Their approach goes beyond medicine. CHPs emphasise hygiene, clean water, and nutrition. They use local language, stories, and practical examples to make health advice relatable. They rely on persuasion rather than authority, often enlisting respected relatives or community elders to reinforce messages. In this way, they weave health education into everyday life, making it part of conversations rather than lectures.

Despite their dedication, CHPs face enormous challenges. Many households resist their advice, preferring the quick fix of buying drugs from a pharmacy. Some dismiss them as busybodies. Others suspect they are paid to disturb families, when in reality, CHPs receive little or no compensation.

The lack of medicines at government facilities undermines their credibility. When they encourage families to go to the hospital only for patients to be turned away with empty prescriptions, frustration builds on both sides. Trust erodes, not because of CHPs themselves, but because the system they represent feels broken.

In some cases, CHPs face outright hostility.

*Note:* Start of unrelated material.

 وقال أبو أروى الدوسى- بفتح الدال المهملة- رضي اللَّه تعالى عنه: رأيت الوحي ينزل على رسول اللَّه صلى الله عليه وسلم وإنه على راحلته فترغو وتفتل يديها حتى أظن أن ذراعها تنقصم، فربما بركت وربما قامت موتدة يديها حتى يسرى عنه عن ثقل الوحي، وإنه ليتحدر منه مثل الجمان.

They have doors slammed in their faces, are insulted, or accused of interfering in matters beyond their concern. Yet, despite the resistance, they keep going, driven by the belief that their work saves lives.

Witnessing AMR first-hand

CHPs may not call it AMR, but they recognise its signs. They hear constant complaints that medicines “no longer work.” They notice families trying the same drugs repeatedly without success. They see people turning to herbal remedies after antibiotics fail. They watch as amoxicillin, once effective for many illnesses, becomes less reliable.

Their response is pragmatic. They encourage families to return to hospital, accompany them when possible, and explain the link between misuse and ineffectiveness. They see themselves as educators as much as caregivers, fighting a quiet battle against resistance one household at a time.

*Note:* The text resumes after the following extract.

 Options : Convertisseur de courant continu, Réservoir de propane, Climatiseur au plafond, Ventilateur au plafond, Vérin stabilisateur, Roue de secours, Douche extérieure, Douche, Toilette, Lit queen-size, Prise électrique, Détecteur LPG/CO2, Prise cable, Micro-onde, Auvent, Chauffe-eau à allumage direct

The experiences of CHPs make it clear that any effort to address AMR in informal settlements cannot be confined to hospitals, policies, or laboratories. It must begin with the people who influence how medicines are used at household level and that means recognising CHPs.

They are not simply volunteers; they are frontline health workers operating in the hardest-to-reach communities. Yet they lack proper training on AMR, receive little material support, and are excluded from national strategies. Recognising them means equipping them with knowledge, ensuring their advice is backed by reliable access to medicines, and formally including them in AMR responses.

Most importantly, it means listening to them. CHPs provide a window into how communities actually use medicines, insights that policy papers or hospital records cannot fully capture. They are the missing link in the fight against AMR.

CHPs are already acting as change agents, but they are doing so quietly, often invisibly. If their role were formally recognised, supported, and integrated into AMR strategies, they could play an even greater part in preventing resistance.

By investing in their training, providing them with stipends or material support, and ensuring hospitals back up their referrals with reliable services, governments and donors can harness a resource that already exists in communities. Strengthening CHPs is not creating a new system. It is empowering the one that is already holding communities together.